Exercise brief:
Transcribe only the stretch of lines that opens with the line containing "כל הסיפור הזה" and closes with the last line of the listing, skipping pictures.
═════ Given entries
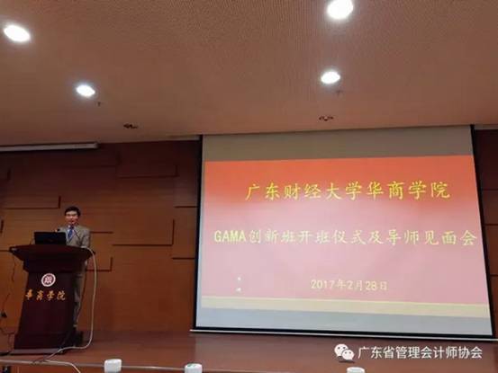 2017年2月28日上午,春暖花开,阳光明媚。广东省管理会计师协会与广东财经大学华商学院合作的GAMA创新班开班仪式暨导师见面会在华商学院学术报告厅隆重举行。GAMA创新班导师王华、林斌、胡玉明、刘中华教授和蔡祥、漆江娜、聂新军、刘善敏、张程睿副教授,华商学院陈玉川院长、郭银华副院长和williamhill英国官网马玉珍院长出席了开班仪式。开班仪式由郭银华副院长主持。
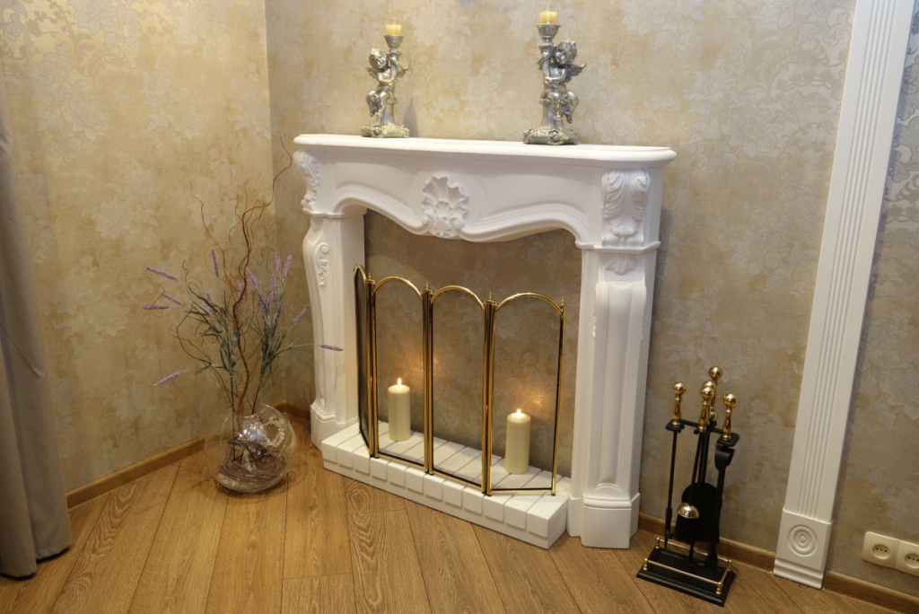 - Каминная доска – полка, которая крепится над дымовым карнизом и служит для размещения на ней различных украшений или предметов. Выполняет декоративную роль.
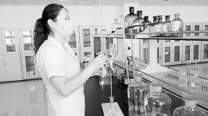 为了让消费者节日期间使用上安全放心的食品,沈丘县质量技术监督局对全县食品生产企业进行抽样检测。图为该局食品化验室工作人员正在进行样品检测。(记者 孙安平 摄)
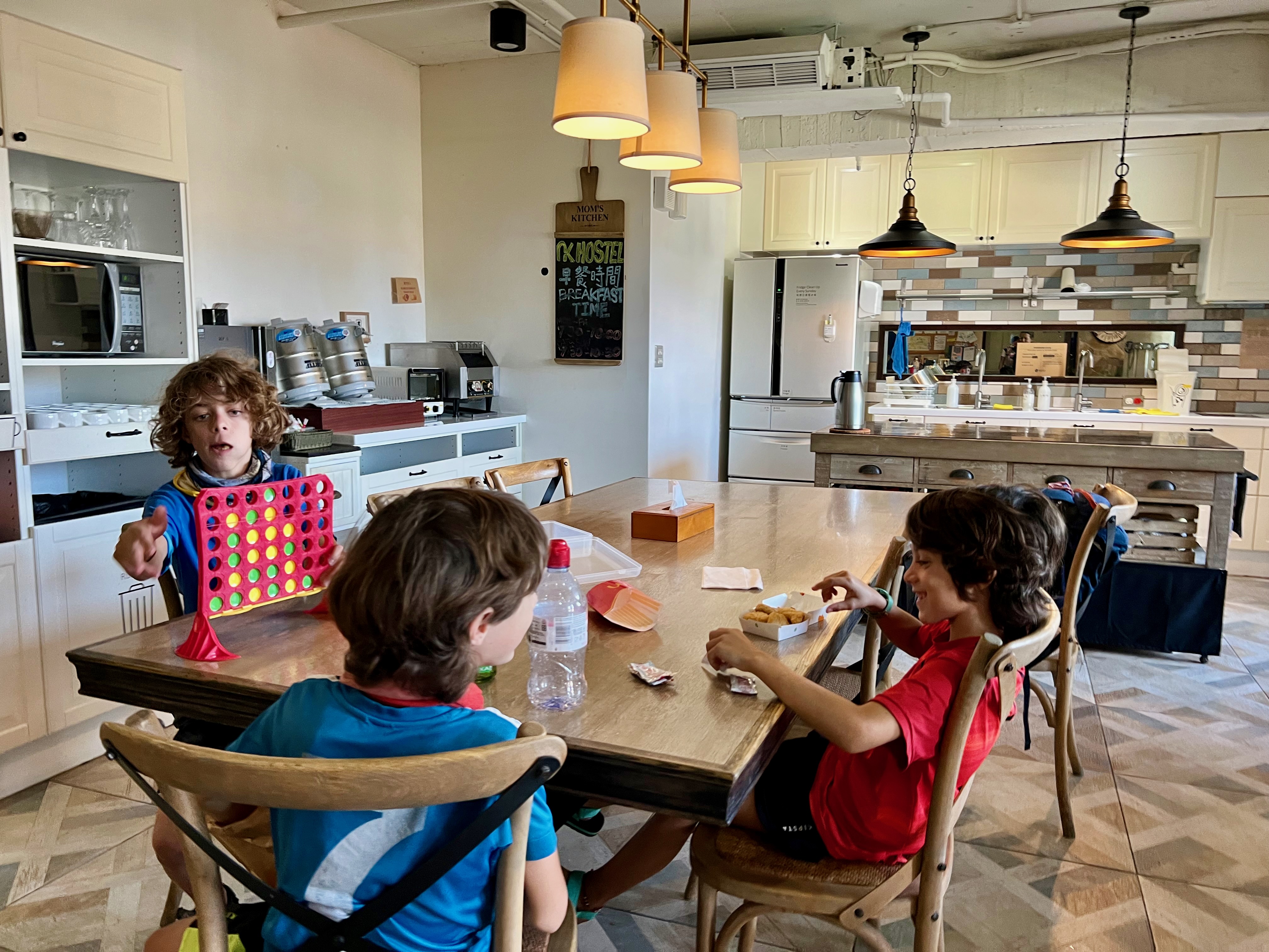 כל הסיפור הזה לקח די הרבה זמן, וגזל הרבה אנרגיות נפשיות מכולנו.. כשחזרנו לחדר אחר הצהריים סילביה חיכתה לנו שם עם מלא פינוקים, הביאה סושי לילדים וכל מה שהיא חשבה שיהיה לנו טעים לאכול.. והבנות שלה שלחו לילדים מדבקות של פוקימון כי הן שמעו שהם אוהבים. וזה חימם את הלב עד מאוד❤️
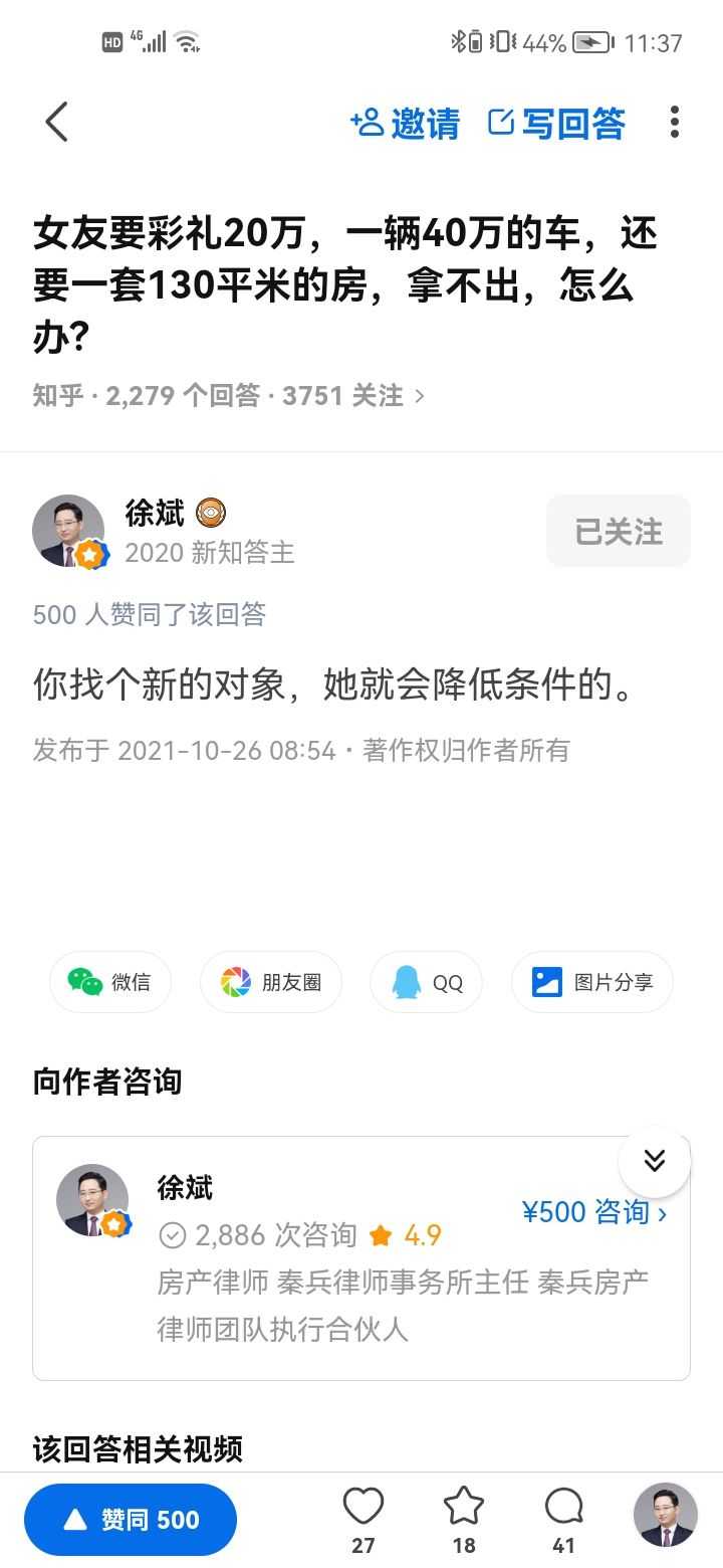 知乎用户iPMCnr: 徐律师[赞] 👍🏽4 💭山东 🕐2022-09-15 15:38:59
══════════
Result of this exercise:
 כל הסיפור הזה לקח די הרבה זמן, וגזל הרבה אנרגיות נפשיות מכולנו.. כשחזרנו לחדר אחר הצהריים סילביה חיכתה לנו שם עם מלא פינוקים, הביאה סושי לילדים וכל מה שהיא חשבה שיהיה לנו טעים לאכול.. והבנות שלה שלחו לילדים מדבקות של פוקימון כי הן שמעו שהם אוהבים. וזה חימם את הלב עד מאוד❤️
 知乎用户iPMCnr: 徐律师[赞] 👍🏽4 💭山东 🕐2022-09-15 15:38:59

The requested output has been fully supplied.